*Exercise brief*: Give back every record word for word, but keep the pictures out.

(Source records)
○ ○ ○ ○ ○

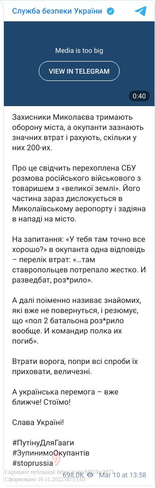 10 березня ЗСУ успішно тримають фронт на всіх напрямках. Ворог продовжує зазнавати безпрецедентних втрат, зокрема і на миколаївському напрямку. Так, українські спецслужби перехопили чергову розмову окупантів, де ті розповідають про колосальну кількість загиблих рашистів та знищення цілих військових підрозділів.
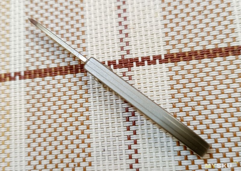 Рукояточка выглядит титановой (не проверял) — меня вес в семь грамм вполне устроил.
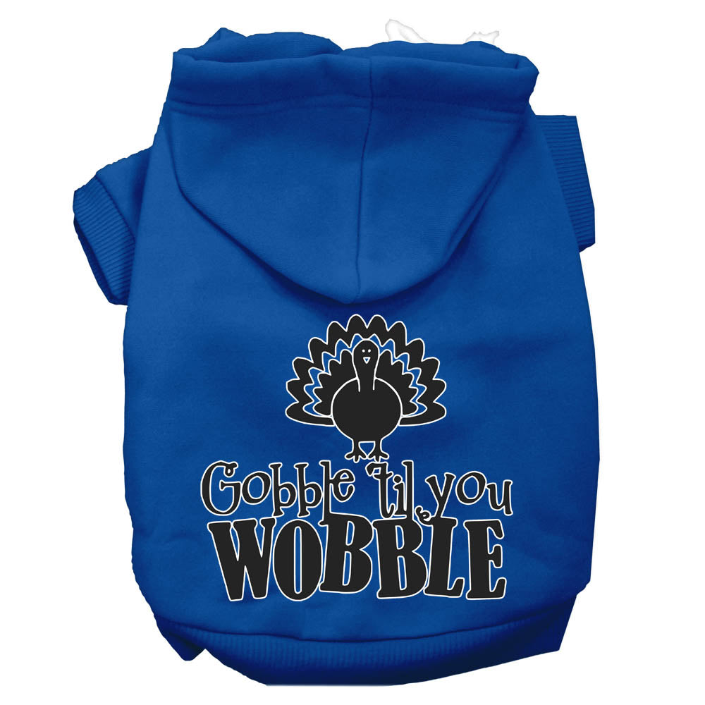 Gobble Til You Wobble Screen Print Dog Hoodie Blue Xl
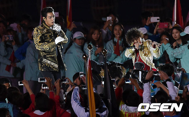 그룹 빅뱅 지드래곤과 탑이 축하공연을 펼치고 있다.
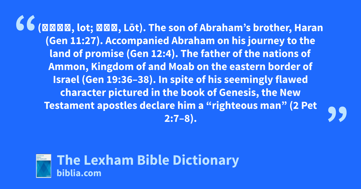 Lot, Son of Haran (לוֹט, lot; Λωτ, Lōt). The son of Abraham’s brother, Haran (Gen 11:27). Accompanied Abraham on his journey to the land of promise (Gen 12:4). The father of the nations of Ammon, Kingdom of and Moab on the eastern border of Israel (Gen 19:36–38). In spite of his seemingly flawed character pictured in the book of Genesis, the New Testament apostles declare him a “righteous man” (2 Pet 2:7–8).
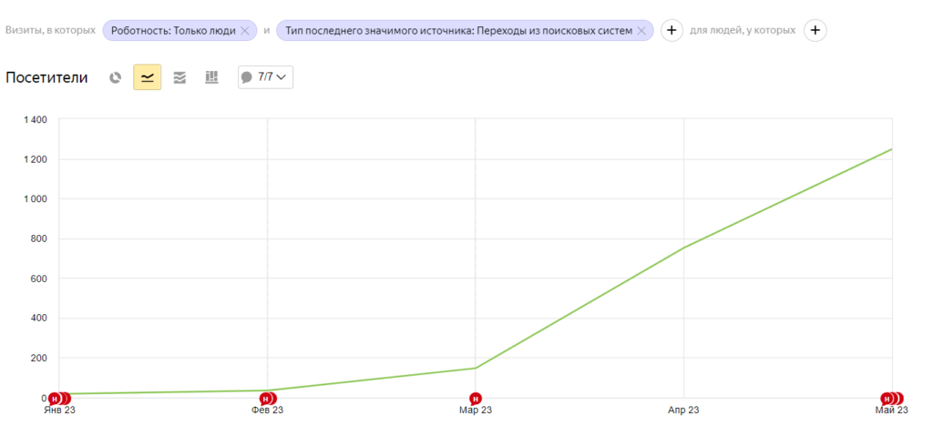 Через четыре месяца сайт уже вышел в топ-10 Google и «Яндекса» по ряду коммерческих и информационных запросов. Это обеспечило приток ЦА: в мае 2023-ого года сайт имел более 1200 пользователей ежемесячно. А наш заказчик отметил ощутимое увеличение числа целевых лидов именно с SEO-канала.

○ ○ ○ ○ ○

*Final answer*:
 10 березня ЗСУ успішно тримають фронт на всіх напрямках. Ворог продовжує зазнавати безпрецедентних втрат, зокрема і на миколаївському напрямку. Так, українські спецслужби перехопили чергову розмову окупантів, де ті розповідають про колосальну кількість загиблих рашистів та знищення цілих військових підрозділів.
 Рукояточка выглядит титановой (не проверял) — меня вес в семь грамм вполне устроил.
 Gobble Til You Wobble Screen Print Dog Hoodie Blue Xl
 그룹 빅뱅 지드래곤과 탑이 축하공연을 펼치고 있다.
 Lot, Son of Haran (לוֹט, lot; Λωτ, Lōt). The son of Abraham’s brother, Haran (Gen 11:27). Accompanied Abraham on his journey to the land of promise (Gen 12:4). The father of the nations of Ammon, Kingdom of and Moab on the eastern border of Israel (Gen 19:36–38). In spite of his seemingly flawed character pictured in the book of Genesis, the New Testament apostles declare him a “righteous man” (2 Pet 2:7–8).
 Через четыре месяца сайт уже вышел в топ-10 Google и «Яндекса» по ряду коммерческих и информационных запросов. Это обеспечило приток ЦА: в мае 2023-ого года сайт имел более 1200 пользователей ежемесячно. А наш заказчик отметил ощутимое увеличение числа целевых лидов именно с SEO-канала.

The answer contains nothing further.